I met Einstein on Good Friday in 1955, about a week or so before he died. He was pacing around Fuld Hall looking for Jack, the driver of the Institute. But Jack was off that day, apparently because of the Good Friday holiday. Einstein often walked home with (Kurt) Godel, but I think Godel was not around. I was the only one sitting in the Full Hall common room, and I said, “I’ll be happy to drive you. It will be an honor.”

“Ohhh,” [Waving off the compliment.] So, I drove him to 112 Mercer Street. I was very nervous. God forbid I should have an accident! Einstein was a hero. Even my sister, who didn’t care about science one bit, regarded Einstein as a near deity. Once, when I invited my sister to the IAS, I took them into Einstein’s office. Office doors were generally unlocked when I was there. My older sister, who was nine years older than I, went out of her mind. “Einstein! This is Einstein’s office!” she was running around in a delirious state looking for souvenirs. The younger of my sisters was very proper and was screaming at my older sister for behaving this way. We were both running after her, taking things she wanted out of her hand. It was like a scene from Charlie Chaplin.

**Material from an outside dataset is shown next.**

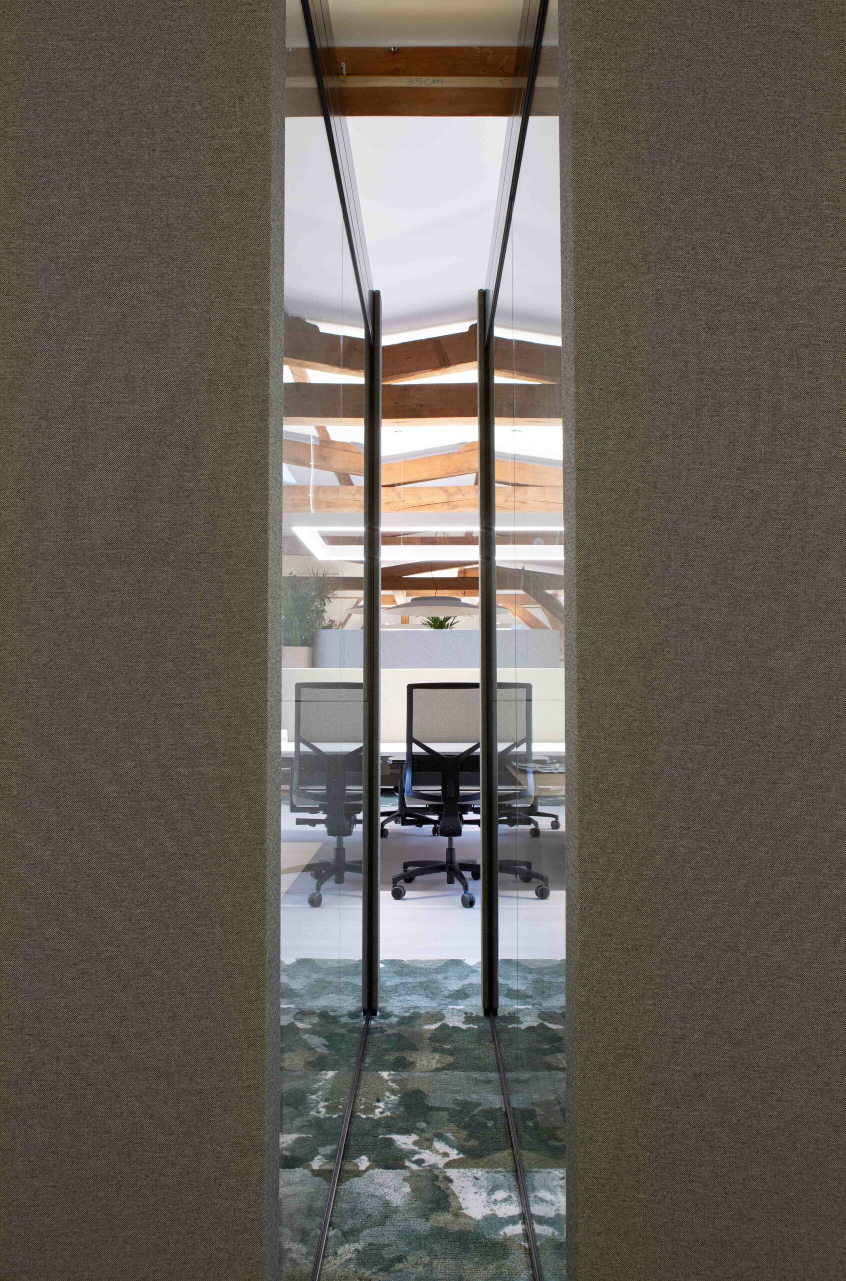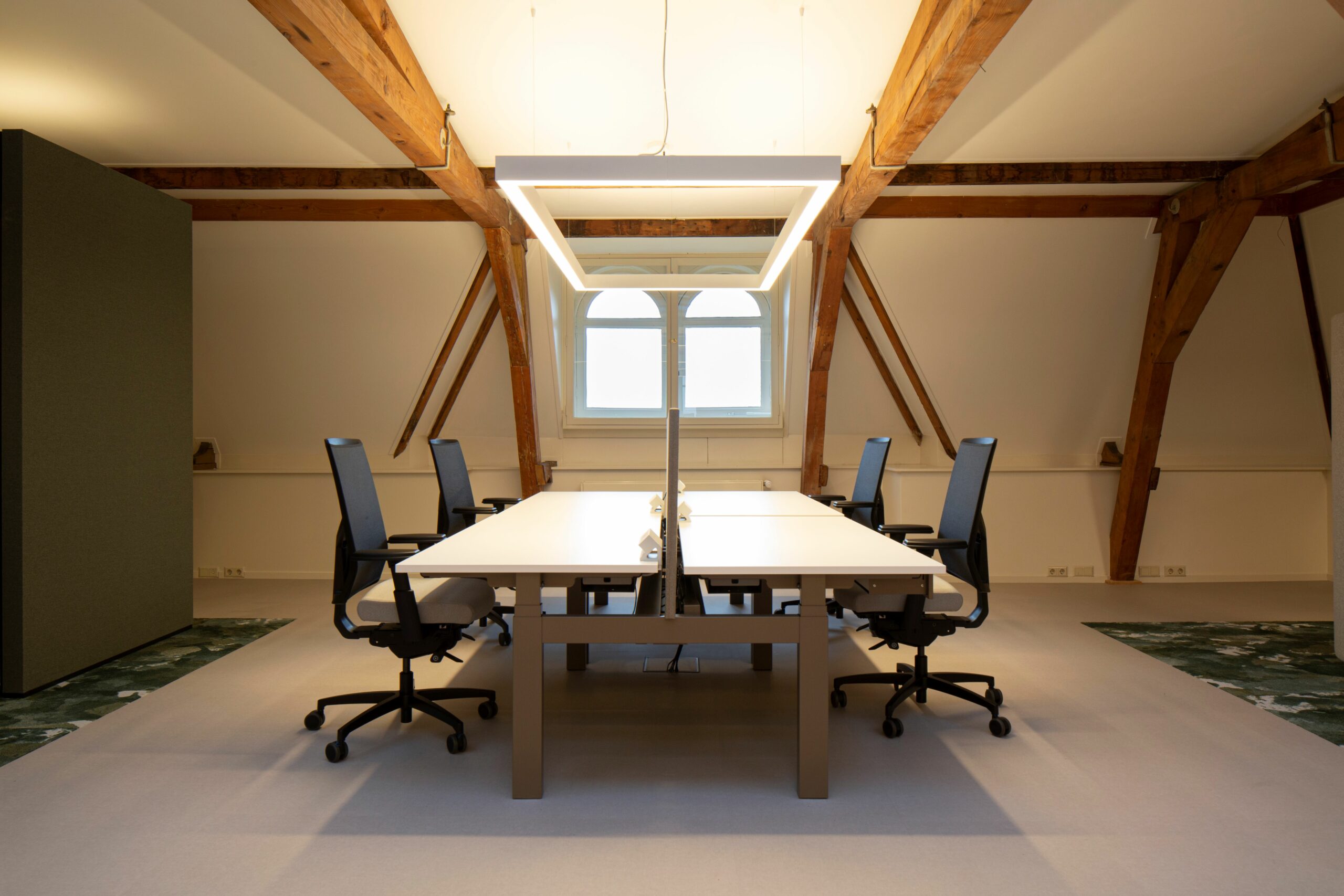 Er is gekozen voor een pvc vloer om de kantoorzolder een nette en professionele uitstraling te geven. De toevoeging van tapijt bij de werkplekken en in de ontmoetings- en overlegruimtes, heeft gezorgd voor een mooie aankleding van het kantoor. Verder is er geïnvesteerd in goede werkplek bekabeling. Zo zijn de werkplekken niet alleen optimaal verstelbaar, maar ook veilig en netjes.

Einstein was extremely friendly. He didn’t want to get out of the car. We had a very pleasant talk. At one point, he asked me what I was working on. I said Lie groups. He said, “Oh that will be very important.” I was so pleased with that comment and rather surprised that he knew who Lie was.  And we talked about Oppenheimer. I sensed he didn’t like Oppenheimer. Besides personality conflict, it was known that Oppenheimer didn’t take Einstein seriously any more because of Einstein’s opposition to the strange properties of quantum mechanics.

I was fortunate to get to know John von Neumann (the legendary scientific polymath).as well. I went into his office one day and I told him a theorem I had proved, now known as the linear Konstant convexity theorem … he was quickly able to see a proof though it was quite new to him. I was pleasantly surprised that he gave me, I think, an hour of his time … I was also pleased that he turned out to be warm and friendly.

I thought all mathematicians were a bit weird and would stay up to all hours of the night and work. I was kind of shocked when I went to the Institute to find out that they lived 9-to-5 lives. One night I was the only one at 3 o’clock in the morning in the library in Fuld Hall, and it was very dark. I couldn’t even see my way; I remember walking down the hall and coming near von Neumann’s office, there’s this guy with a gun, right in front of von Neumann’s office. I almost got a heart attack! It was an FBI agent. He was guarding von Neumann’s office because von Neumann had all these secrets in his office.” Fun fact: von Neumann was a key figure in the development of the atomic bomb, and a member of the Atomic Energy Commission.

Fuld Hall at the Institute for Advanced Study once played host to such luminaries as Einstein, Weyl, Oppenheimer, von Neumann.
Albert Einstein (left) needs no introduction. John von Neumann (1903-1957), a Hungarian-American mathematical genius is regarded as having perhaps the widest expertise of any mathematician of his time. He made seminal contributions not only in mathematics but also in theoretical physics and computer science.
Einstein with the famed logician, Kurt Godel at the IAS.